バーサ・クールは初登場時60歳前後の未亡人で、白髪の頭に灰色のきらきら光る目、それに2焦点眼鏡をかけ、体重は何と200ポンド(約91キロ)を超える非常に恰幅の良い体型をしています。
ゆったりとした洋服を着て颯爽と歩く姿が印象的ですが、金銭に関してはかなりのドケチでユダヤの守銭奴も顔負けのガメツさ。いつも依頼人からできる限り高い依頼料を巻き上げることばかりに気を使っており、夫の死後たった一人で探偵事務所を切り盛りしてきたタフな女丈夫です。
一方ドナルド・ラムはバーサに雇われた当時は29歳。
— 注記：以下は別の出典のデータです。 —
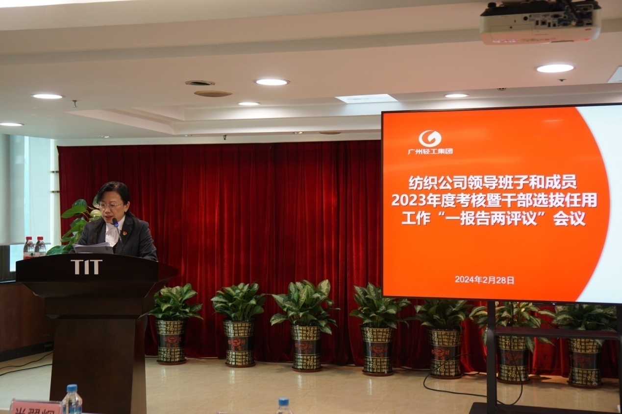 2月28日下午,紡織公司黨委召開領導班子和成員2023年度述職暨干部選拔任用工作“一報告兩評議”會議。會議由紡織公司黨委副書記、工會主席丘海瀾主持。紡織公司領導班子成員、本部中層管理干部、屬下企業(yè)領導班子成員、企業(yè)“一代表兩委員”以及黨員干部群眾代表參加了會議,廣州輕工集團黨委組織部派員出席了會議。
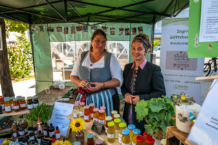 Ehepaar Astner aus Neubeuern ist seit vielen Jahren bei der Schmankerlstraße mit dabei. Normalerweise verkaufen sie Äpfel von ihren gut 200 Obstbäumen. „Die Äpfel hat es uns aber heuer leider verhagelt“, erzählte Zilli Astner. Darum bot sie zusammen mit ihrem Mann diesmal vor allem Marmeladen und Spirituosen an. „Alles selbst hergestellt“, erzählten die beiden stolz. Davon leben könnte man aber leider nicht: „Das ist unser Hobby“.
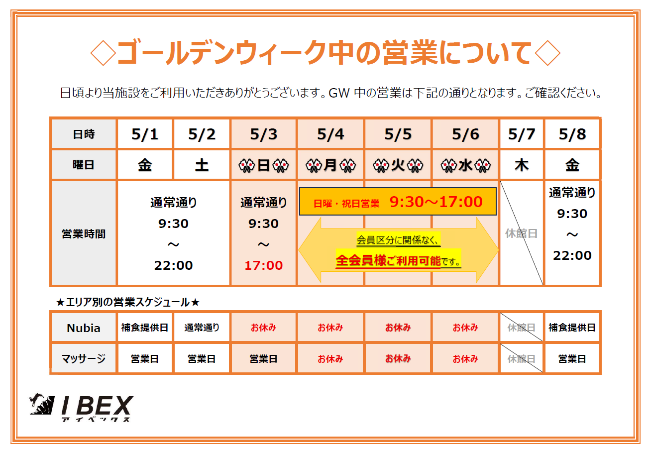 ゴールデンウィーク中の営業について
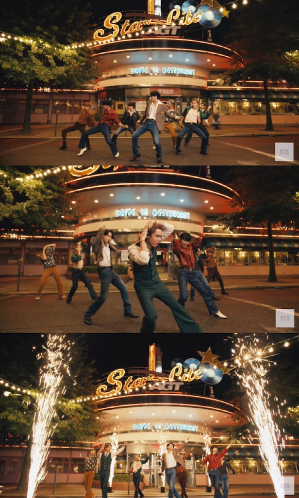 '다이너마이트' '버터' '퍼미션 투 댄스' '쩔어' 'DAN' 등 방탄소년단 히트곡들 뮤직비디오의 공연형 쇼로, 길이 24m·높이 11m 규모의 대형 LED 스크린과 입체 이머시브 음향 시스템을 통해 송출된다. 동시에 매일 48종의 5000여 발의 불꽃놀이와 레이저·스파큘러·메가 CO2 등의 특수효과, 100여 개의 조명 등도 더해진다.
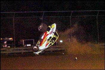 (LEFT) Escaping uninjured, Bret Mellenberndt takes a series of flips during Friday’s USAC Sprint B-Main at Ocala, FL’s Bubba Raceway Park along with (RIGHT) Jarett Andretti taking a rough ride at Ocala, FL’s Bubba Raceway Park barrel rolling in the first turn during Friday’s USAC Sprint A-Main event...........ANOTHER HEIN BROTHERS' "ACTION" PHOTOGRAPHS
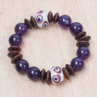 Agate and Recycled Glass Beaded Stretch Bracelet in Purple 'Purple Mind' Item ID: 2671805435
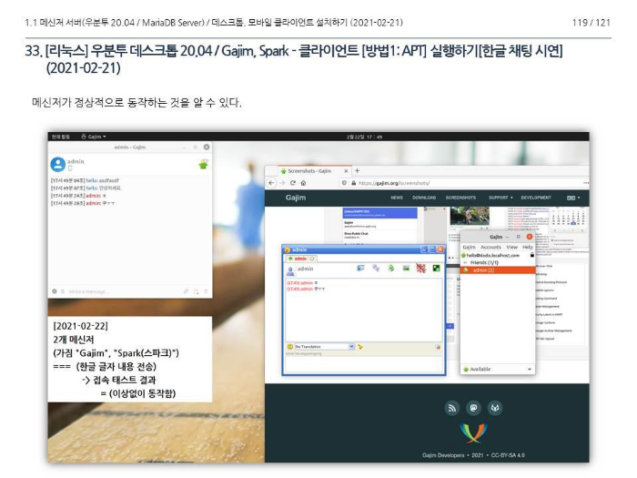 그림 16. 리눅스 (우분투 데스크톱 20.04) - 메신저 예 (2021-02-23)
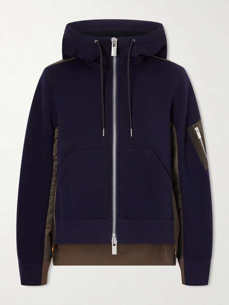 SACAI Sponge Sweat shell-paneled cotton-blend jersey zip-up hoodie
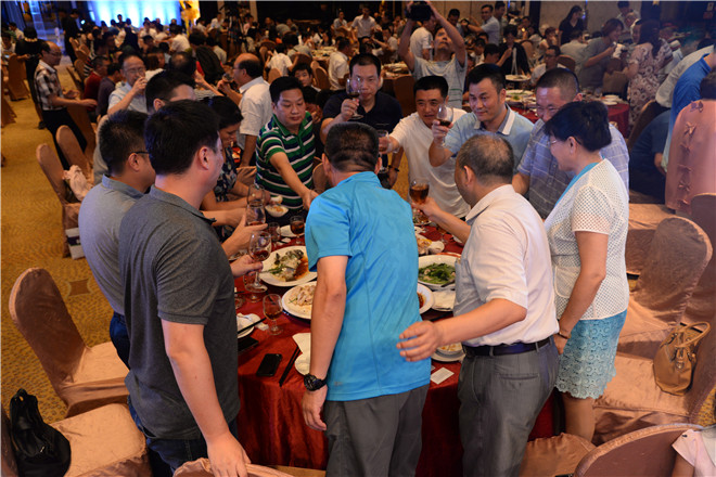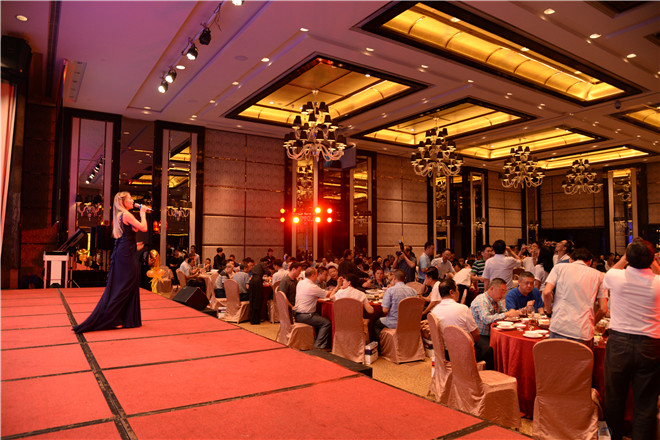 晚宴現(xiàn)場(chǎng),公司全新拍攝的企業(yè)形象片正式對(duì)外展示,以緊跟時(shí)代腳步與公司發(fā)展軌跡的內(nèi)容,向眾客商、嘉賓及媒體呈現(xiàn)了一個(gè)突飛猛進(jìn)的金馬形象。在對(duì)2016年公司研發(fā)的新產(chǎn)品集錦進(jìn)行回顧時(shí),眾人更是生動(dòng)形象地看到了一個(gè)實(shí)力金馬,正如劉喜旺總經(jīng)理的致辭所言“中山金馬追求又好又快的發(fā)展,追求厚積薄發(fā)式的飛躍產(chǎn)品厚積薄發(fā),量的積累已經(jīng)達(dá)到了質(zhì)的突變”。宴會(huì)上,滿堂燈光璀璨奪目,鮮花氣球五彩繽紛,來(lái)自各地的客商、嘉賓熱烈交談,酒斟交錯(cuò)間歡聲笑語(yǔ)不斷,席間還伴以助興歌舞與魔術(shù)節(jié)目、幸運(yùn)抽獎(jiǎng)游戲、客戶互動(dòng)采訪環(huán)節(jié)等,一種愉悅、和樂(lè)的氛圍油然而生。近三個(gè)小時(shí)的歡聚后,晚宴在一場(chǎng)《越來(lái)越好》歌伴舞節(jié)目的祝福和憧憬中慢慢降下了帷幕。
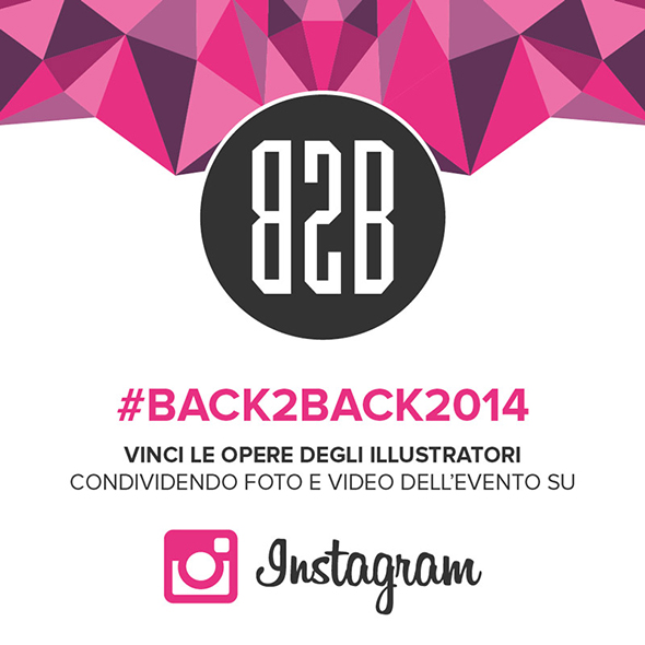 A poche ore da BACK2BACK 2014, di cui ormai sapete tutto, vi sveliamo come fare per portarvi a casa le superfantasmagoriche illustrazioni inedite realizzate da 15 tra gli illustratori italiani più apprezzati al mondo. Si tratta naturalmente di stampe di alta qualità, che potrete aggiudicarvi semplicemente scattando foto o realizzando video durante l’evento e condividendoli su Instagram con il tag #BACK2BACK2014. Nei giorni successivi raccoglieremo tutti i contenuti da voi creati e premieremo gli autori di quelli più originali. Ma non finisce qui! Camaloon, nostro partner ufficiale, ha messo in palio dei gift pack niente male contenenti pins personalizzate da vari artisti, skin per iPhone ed altri gadget che potrete aggiudicarvi con le stesse modalità.
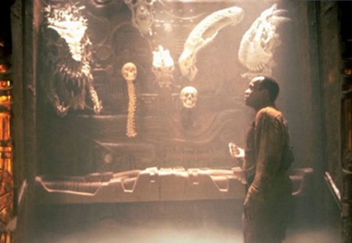 Это был череп ксеноморфа. В тот момент франшизы Чужого и Хищника окончательно пересеклись, а идея их общего мира получила первый реальный намек. Позже эта концепция получила импульс: комиксы, видеоигры и, конечно, фильмы Чужой против Хищника развили идею до полноценного кроссовера.
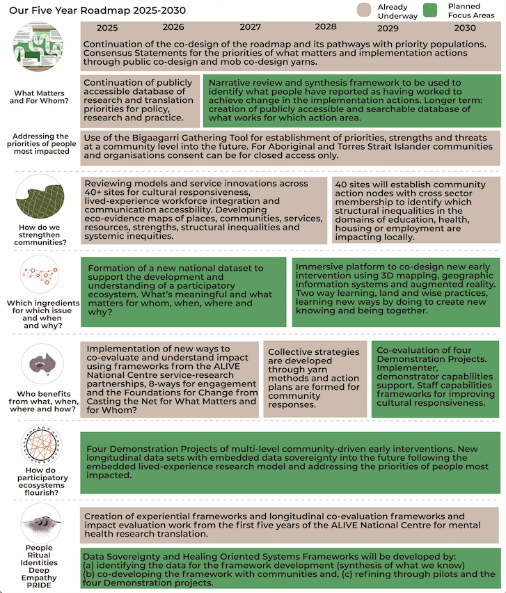 The Consortium is a direct outcome from the Centre’s Call to Action (2024) Casting the Net for What Matters and for Whom to [re]form national mental health and wellbeing using Five Foundations and guided by nine actions for change. The Consortium will expand the ALIVE National Centre’s flagship projects that are shifting the narratives in what community-level prevention is, creating new models to address missed life years with priority populations and to deliver a holistically focused at-scale system of care.
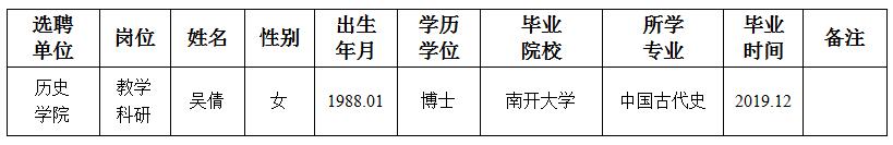 经用人单位及教学督导考核、学校研究,拟同意选聘下列人员来校工作,其聘任关系为A类人事代理。本着公平、公正、公开的原则,现将拟选聘人员基本情况公示如下:

彫りの深い顔立ちで魅力的な声をしていて、元々は弁護士として活躍していましたが、法の抜け穴的なトリックを使ったために弁護士資格を1年間停止されてしまい、失業中だった所に目にとまったのがバーサの探偵事務所が出していた求人広告でした。
身長5フィート6インチ(168センチ)、体重125ポンド(約57キロ)と小柄で腕力はまったくありませんが、持ち前の法律知識と切れ味抜群の頭脳、それに要領のいい立ち振舞いで数多くの事件を解決に導き、今ではバーサ女史からもすっかり信頼される存在となっています。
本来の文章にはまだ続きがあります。